YOUR GOAL:
Set down the data below exactly; pictures stay out.

GIVEN INFORMATION:
+ + + + + + +
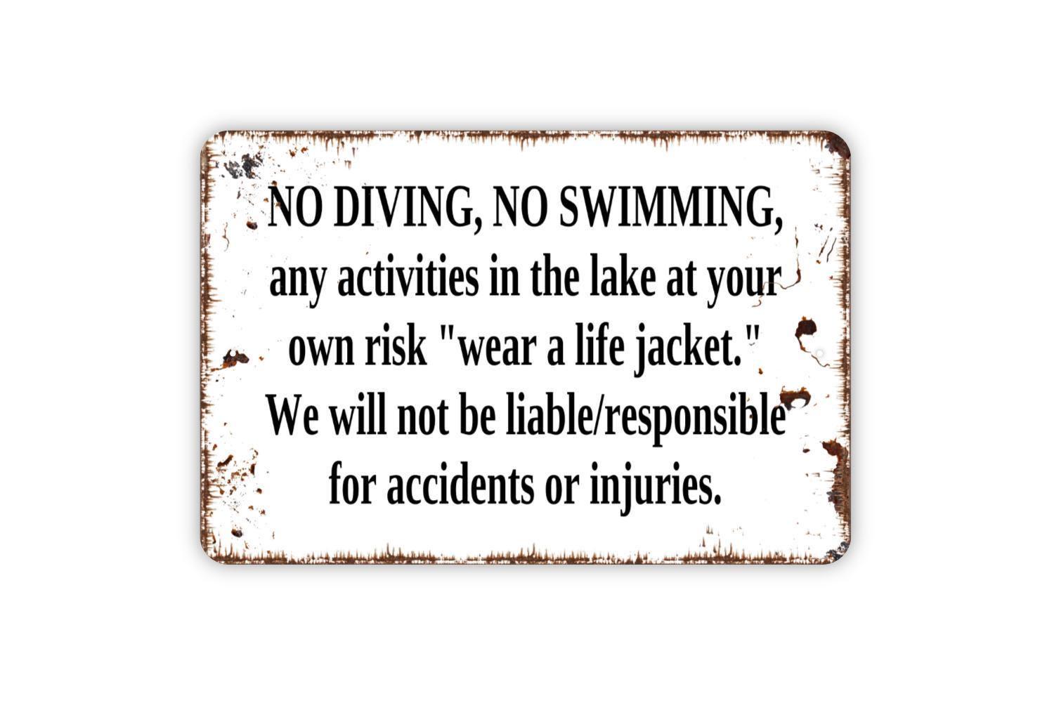 No Diving, No Swimming Any Activities In The Lake At Your Own Risk Sign - Metal Sign Lake Rules - Indoor or Outdoor Use
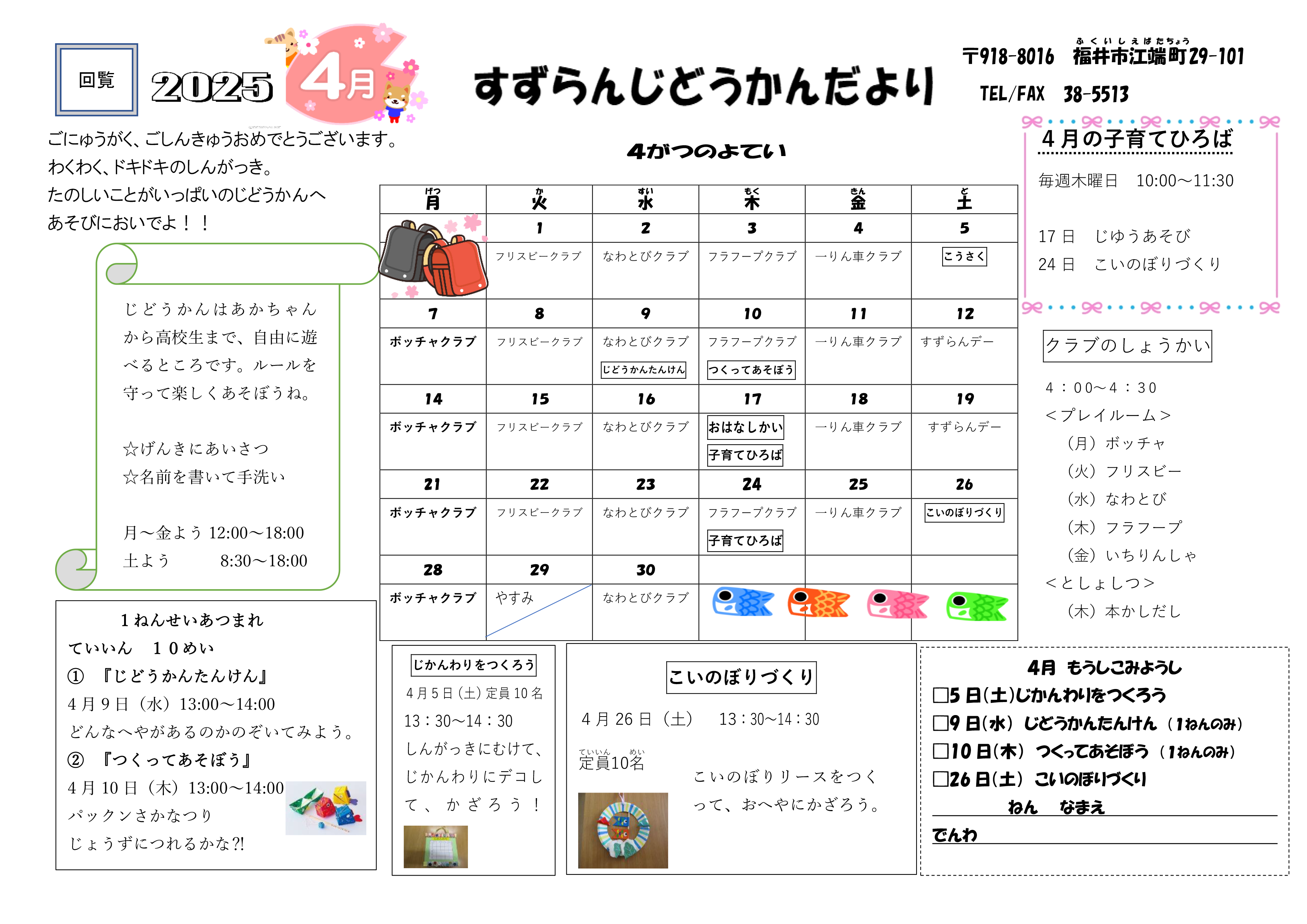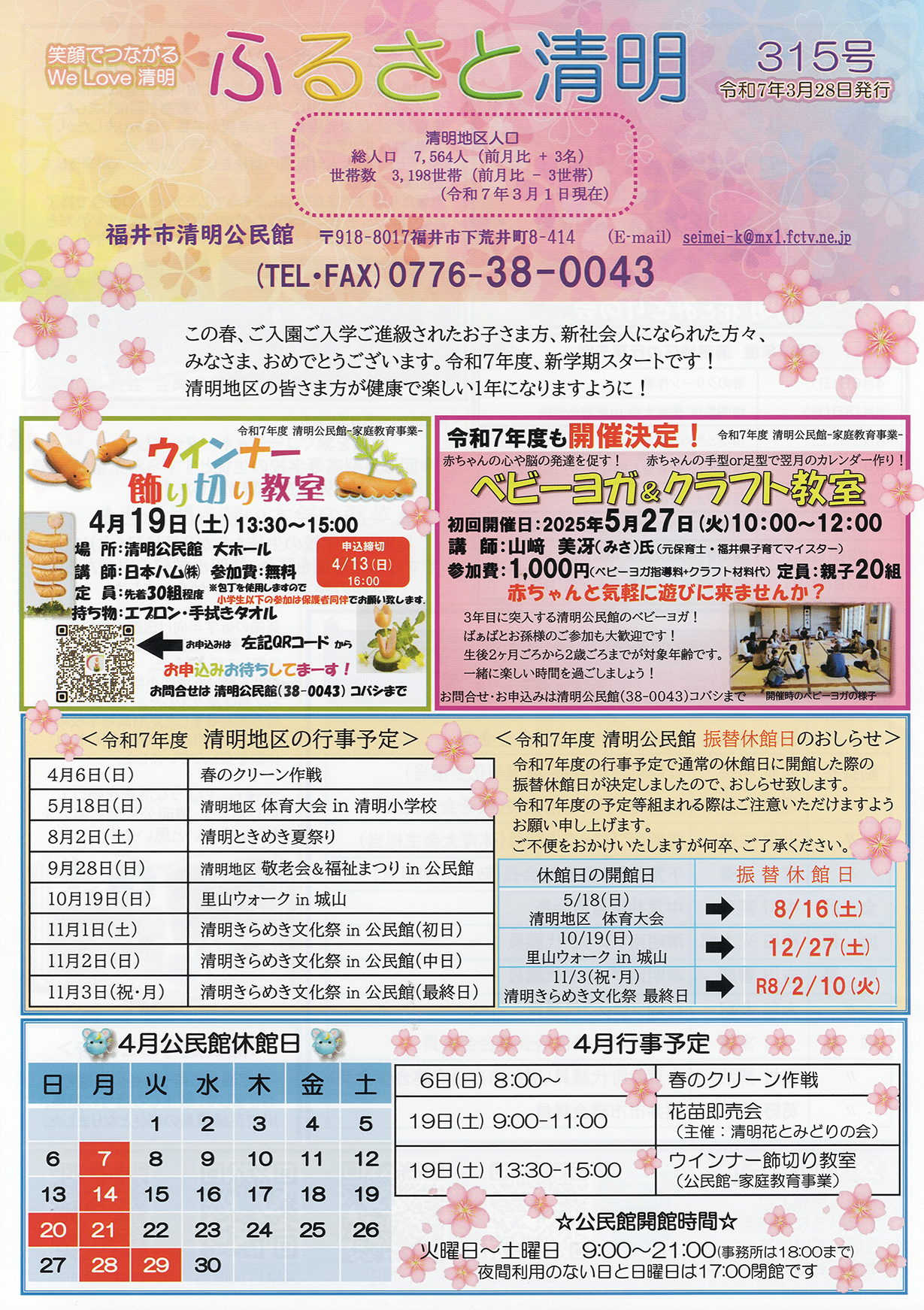 2025年03月30日 大島町回覧情報 回覧板 2025.03.302025.04.11 2025年03月30日 回覧情報 広報ふくい(表紙)・ふるさと清明・すずらんじどうかんだより・救急法講習 2025年04月11日 回覧情報更新 広報ふくい(全ページ公開) 4/19大島町内公民館イベント情報 ※使い方:「タイトル文字」または「表紙画像」をタップすると全ページを確認でき、拡大表示もできます。 広報ふくい No1656 2025.04.10 ふるさと清明 315号 2025.03.28 すずらん児童館だより4月号 2025.03 清明公民館 救急法講習 2025.05.10 13:30~14:30 大島町内公民館 クラフト教室 2025.04.19 13:30~15:30 詳細確認および問合せ申込はこちらをタップしてください
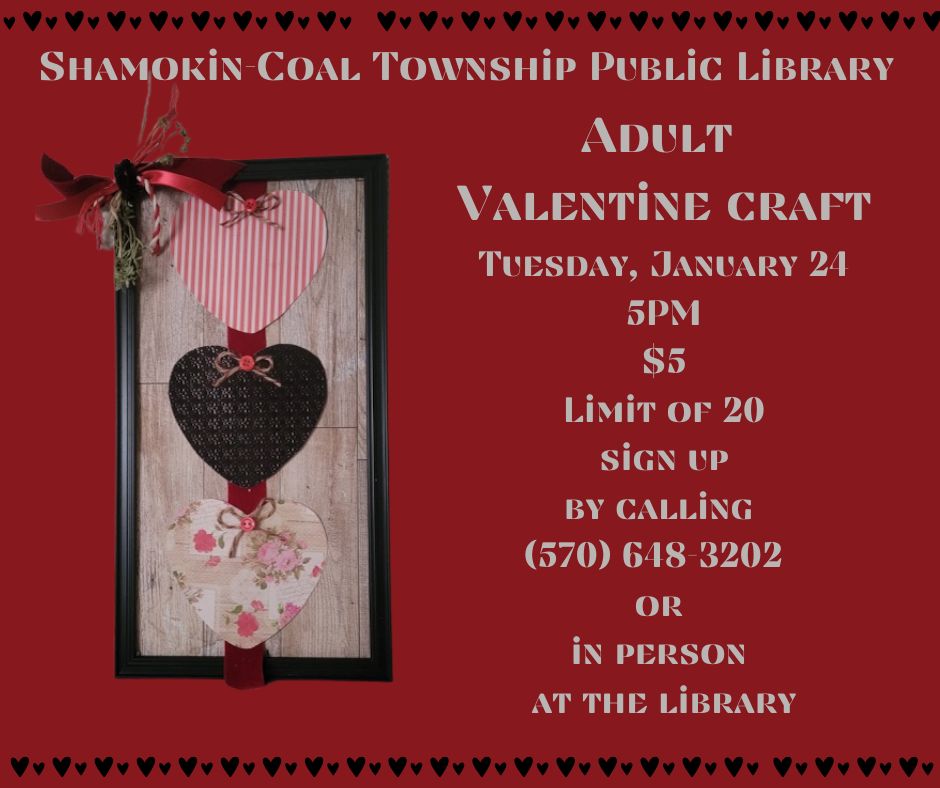 Join us for the next adult crafting event at the library on Tuesday, January 24 at 5 PM. This month we will be making Valentine’s Day themed picture frames. With only so many spots available, be sure to sign up soon while there’s still time. A $5 donation is required from all those that will be attending this event.
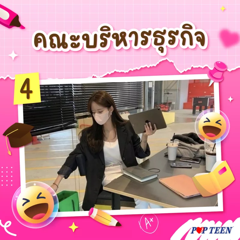 เป็นคณะที่เรียนเกี่ยวกับการจัดการ การวางแผน และกระบวนการทางธุรกิจในทุกๆ ด้าน มีสาขาแตกย่อยออกมาให้เลือกเยอะมาก เช่น การจัดการ การตลาด ธุรกิจระหว่างประเทศ ธนาคารและการเงิน บัญชีและการเงิน เป็นต้น ความที่เป็นด้านการทำธุรกิจ แน่นอนเลยว่าเจอคนเจอสังคมบ่อย ต้องคุยเยอะ ได้ปาร์ตี้บ่อยแน่ๆ
+ + + + + + +
EXERCISE SOLUTION:
 No Diving, No Swimming Any Activities In The Lake At Your Own Risk Sign - Metal Sign Lake Rules - Indoor or Outdoor Use
 2025年03月30日 大島町回覧情報 回覧板 2025.03.302025.04.11 2025年03月30日 回覧情報 広報ふくい(表紙)・ふるさと清明・すずらんじどうかんだより・救急法講習 2025年04月11日 回覧情報更新 広報ふくい(全ページ公開) 4/19大島町内公民館イベント情報 ※使い方:「タイトル文字」または「表紙画像」をタップすると全ページを確認でき、拡大表示もできます。 広報ふくい No1656 2025.04.10 ふるさと清明 315号 2025.03.28 すずらん児童館だより4月号 2025.03 清明公民館 救急法講習 2025.05.10 13:30~14:30 大島町内公民館 クラフト教室 2025.04.19 13:30~15:30 詳細確認および問合せ申込はこちらをタップしてください
 Join us for the next adult crafting event at the library on Tuesday, January 24 at 5 PM. This month we will be making Valentine’s Day themed picture frames. With only so many spots available, be sure to sign up soon while there’s still time. A $5 donation is required from all those that will be attending this event.
 เป็นคณะที่เรียนเกี่ยวกับการจัดการ การวางแผน และกระบวนการทางธุรกิจในทุกๆ ด้าน มีสาขาแตกย่อยออกมาให้เลือกเยอะมาก เช่น การจัดการ การตลาด ธุรกิจระหว่างประเทศ ธนาคารและการเงิน บัญชีและการเงิน เป็นต้น ความที่เป็นด้านการทำธุรกิจ แน่นอนเลยว่าเจอคนเจอสังคมบ่อย ต้องคุยเยอะ ได้ปาร์ตี้บ่อยแน่ๆ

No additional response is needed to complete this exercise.